Task statement:
The answer must consist solely of the lines from the one with "Hicklin’s only good" through the last line of the data, copied exactly, with no pictures.

Supplied material:

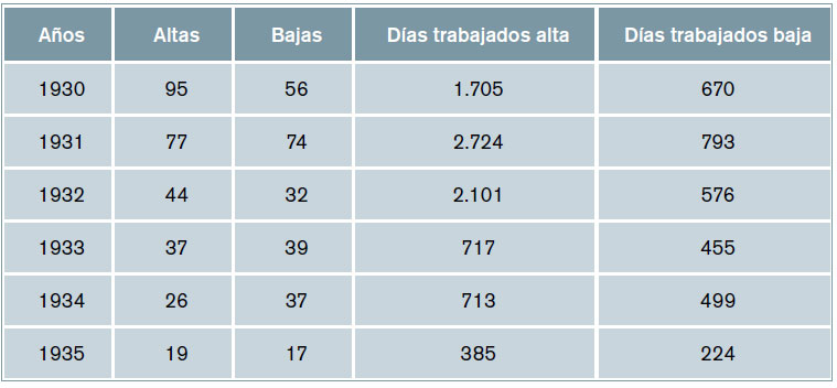 Es decir, una pérdida total de 65 de trabajadores en una media constante de 13 empleados en 5 años, un número insignificante y la Guerra Civil impide analizarlo con certeza. En cambio, si exponemos en el cálculo las nuevas 800 unidades mecánicas que se transformaron en la empresa a partir de los viejos telares en la reforma de la sección de hilados podríamos ver que:
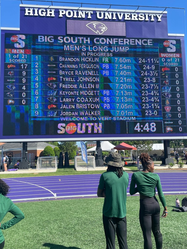Hicklin’s only good jump in the final round measured 7.6 meters (24’11 1/4”) and was good enough to win the competition. The jump was a new facility record. USC-Upstate’s Channing Ferguson had broken the facility record of 7.54 meters with a leap of 7.55 meters earlier before Hicklin topped that mark. Ferguson finished in second place.
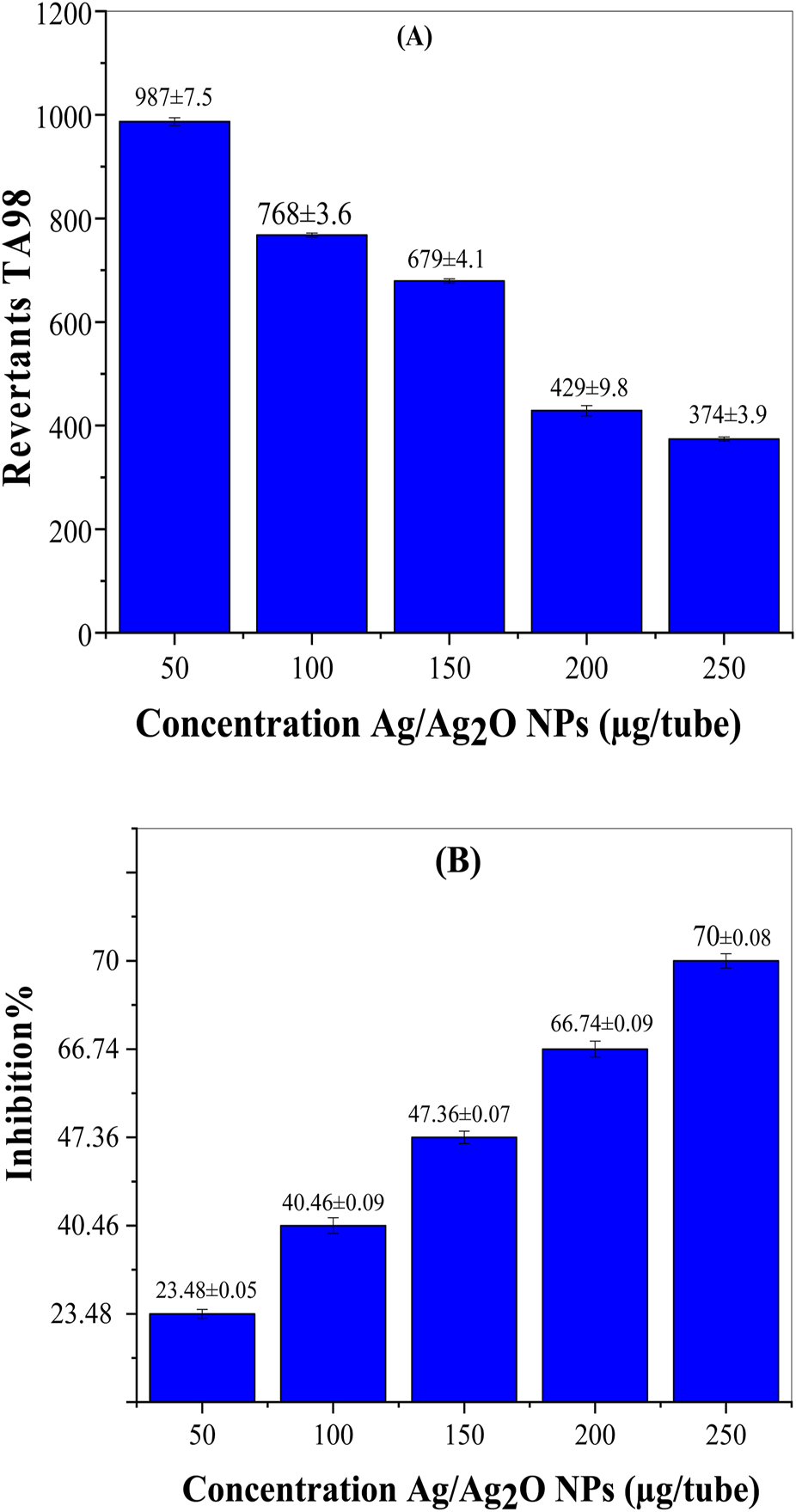 Antimutagenic activity of the Ag/Ag₂O NPs biosynthesized by aqueous extract of O. europaea leaves against 1-NP in S. typhimurium TA98. (A) Revertants TA98, (B) Inhibition %.

Written reply:
Hicklin’s only good jump in the final round measured 7.6 meters (24’11 1/4”) and was good enough to win the competition. The jump was a new facility record. USC-Upstate’s Channing Ferguson had broken the facility record of 7.54 meters with a leap of 7.55 meters earlier before Hicklin topped that mark. Ferguson finished in second place.
 Antimutagenic activity of the Ag/Ag₂O NPs biosynthesized by aqueous extract of O. europaea leaves against 1-NP in S. typhimurium TA98. (A) Revertants TA98, (B) Inhibition %.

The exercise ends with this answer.